Stability and Diversity in Collective Adaptation
Yuzuru Sato, Eizo Akiyama, James P. Crutchfield
TL;DR
The paper addresses how collective adaptation emerges when many agents with memory loss reinforce actions in response to environmental feedback. It derives a general set of continuous-time differential equations from a discrete-time stochastic model, connecting dynamics to game-theoretic and information-theoretic ideas. The study reveals a rich spectrum of behaviors—from fixed points and neutral cycles to Hamiltonian and chaotic dynamics—across two-, three-, and multi-agent interactions, including nontransitive games and memory-driven dissipation.
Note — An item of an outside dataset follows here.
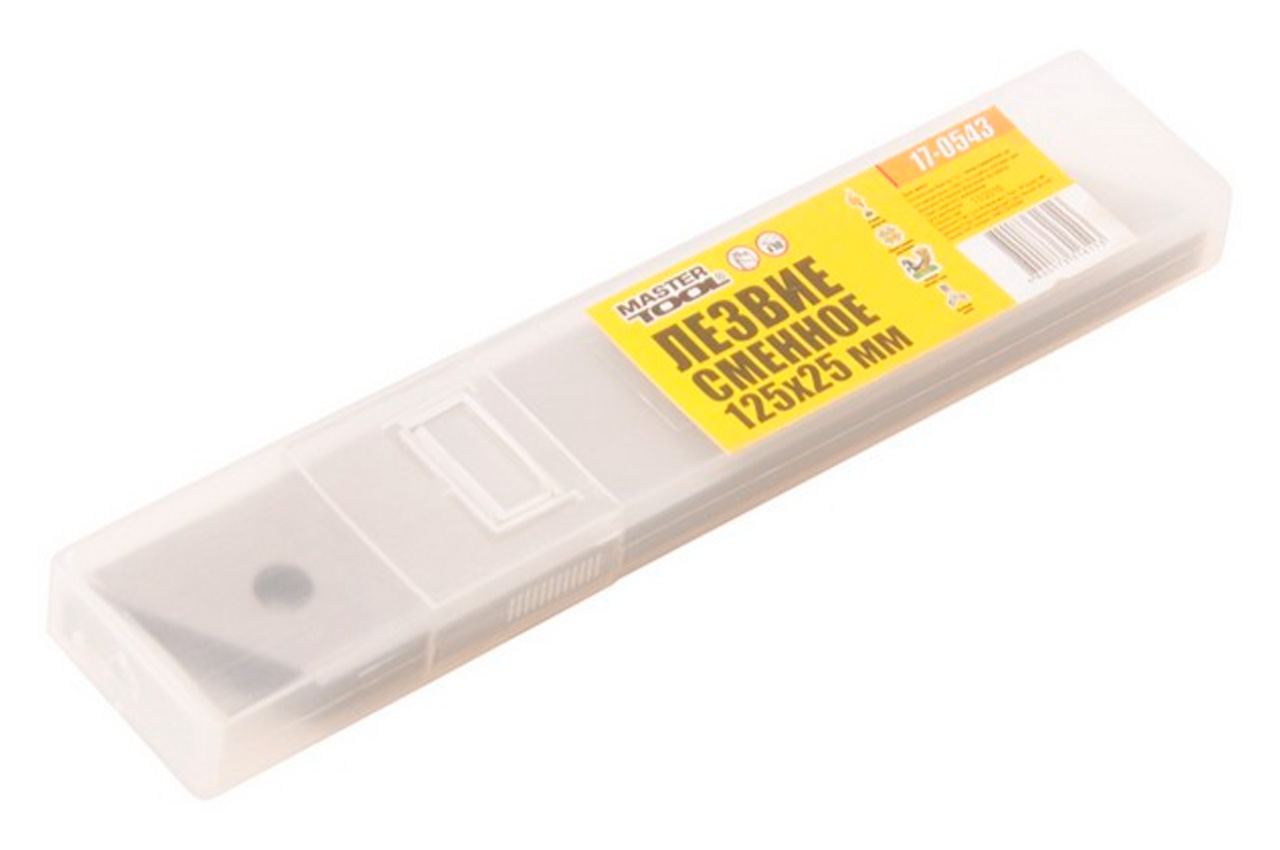 Комплект лез сегментних Mastertool - 10 змінних лез, виготовлених з високовуглецевої сталі. Ширина полотна - 25 мм. Поставляється в пластиковому блістері. Використовуються з прорізними ножами для різання паперу, картону та інших подібних матеріалів при будівельних і оздоблювальних роботах.

These results provide a unified, information-theoretic framework for understanding stability and diversity in adaptive collectives with potential applications to biology, social systems, and learning agents, while suggesting extensions to networks and stochastic settings.
Abstract
We derive a class of macroscopic differential equations that describe collective adaptation, starting from a discrete-time stochastic microscopic model. The behavior of each agent is a dynamic balance between adaptation that locally achieves the best action and memory loss that leads to randomized behavior. We show that, although individual agents interact with their environment and other agents in a purely self-interested way, macroscopic behavior can be interpreted as game dynamics. Application to several familiar, explicit game interactions shows that the adaptation dynamics exhibits a diversity of collective behaviors. The simplicity of the assumptions underlying the macroscopic equations suggests that these behaviors should be expected broadly in collective adaptation. We also analyze the adaptation dynamics from an information-theoretic viewpoint and discuss self-organization induced by information flux between agents, giving a novel view of collective adaptation.